There's only one group to blame for the continued suffering of these innocent victims, the House majority and their Speaker, John Boehner. This is not a Republican or a Democratic issue. National disasters happen in red states and blue states, and states with Democratic governors and Republican governors. We respond to innocent victims of natural disasters not as Republicans or Democrats but as Americans, or at least we did until last night. Last night, politics was placed before our oaths to serve our citizens. For me, it was disappointing and disgusting to watch.

On January 19th 2010 I took an oath to serve all the people of New Jersey, without regard to race or ethnicity, gender or political affiliation, and for the last 1,079 days I have worked as hard as I could to be loyal to that oath, whether under the pressure of dealing with a Legislature of the opposite party or the scrutiny of a hotly-contested election, I have always put the people of New Jersey and my oath ahead of petty personal politics.

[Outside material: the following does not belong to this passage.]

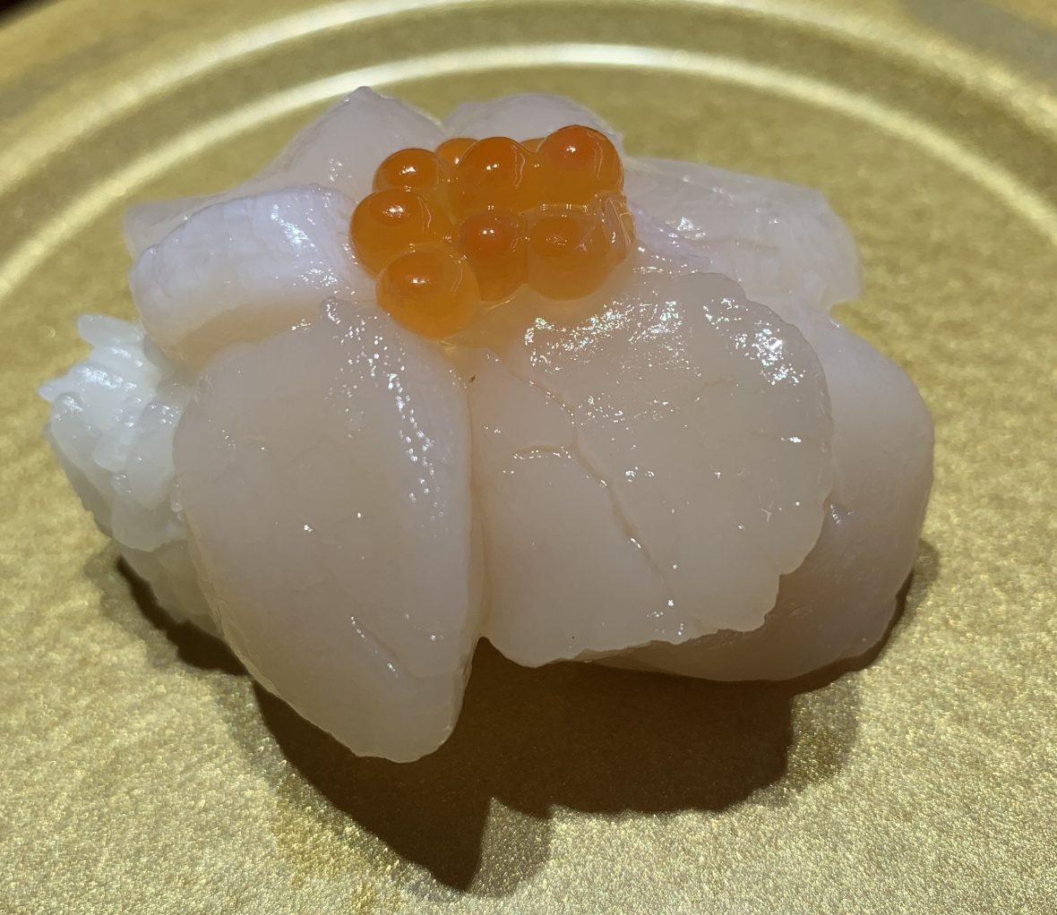 Salmon Belly, Ebi Gunkan, Hotate with Ikura, Sesame Miso Tai, Kani, Whole Ika with Ponzu Jelly, Amaebi, Ikura Gunkan and Prawn Avocado Roll.

Last night, the House of Representatives failed that most basic test of public service, and they did so with callous indifference to the suffering of the people of my state. If you want an example of how nonpartisan this issue should have been, I offer this for your consideration: near midnight last night, conservative congressman Chris Smith of New Jersey, and former speaker Nancy Pelosi of California both spoke on the floor in concert with each other and in support of this aid package. It's one for the record books I suspect. On the equities, this should be a no-brainer for the House Republicans as well. Both New York and New Jersey used the international firm of McKinsey and Company to assess and quantify the damage to our states. Our professional staffs have spent countless hours with congressional staff, providing leadership and backup documentation for all of the damage claims. Governor Cuomo and I have spent hours and hours speaking to individual members of the House and Senate to answer their questions. We worked with President Obama and his administration and satisfied them of the urgent need of this $60 billion aid package. This was good enough for sixty-two United States senators of both parties to vote for this package. This was good enough for a majority of the House of Representatives. It overcame all the factual challenges. It just could not overcome the toxic internal politics of the House majority.

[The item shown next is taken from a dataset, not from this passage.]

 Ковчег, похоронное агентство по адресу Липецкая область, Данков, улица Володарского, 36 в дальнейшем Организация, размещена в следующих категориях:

...In our hour of desperate need, we have been left waiting for help six times longer than the victims of Katrina with no end in sight...
Despite my anger and disappointment, my hope is that the good people in Congress, and there are good people in Congress, will prevail upon their colleagues to finally, finally, put aside the politics and help our people. Now. That's the only hope we have left, is for the good people to prevail upon the others.

One thing I can assure the people of this region is this: Governor Cuomo and I will not stop fighting together to see that justice is done, and that our citizens' suffering is finally addressed by this Congress."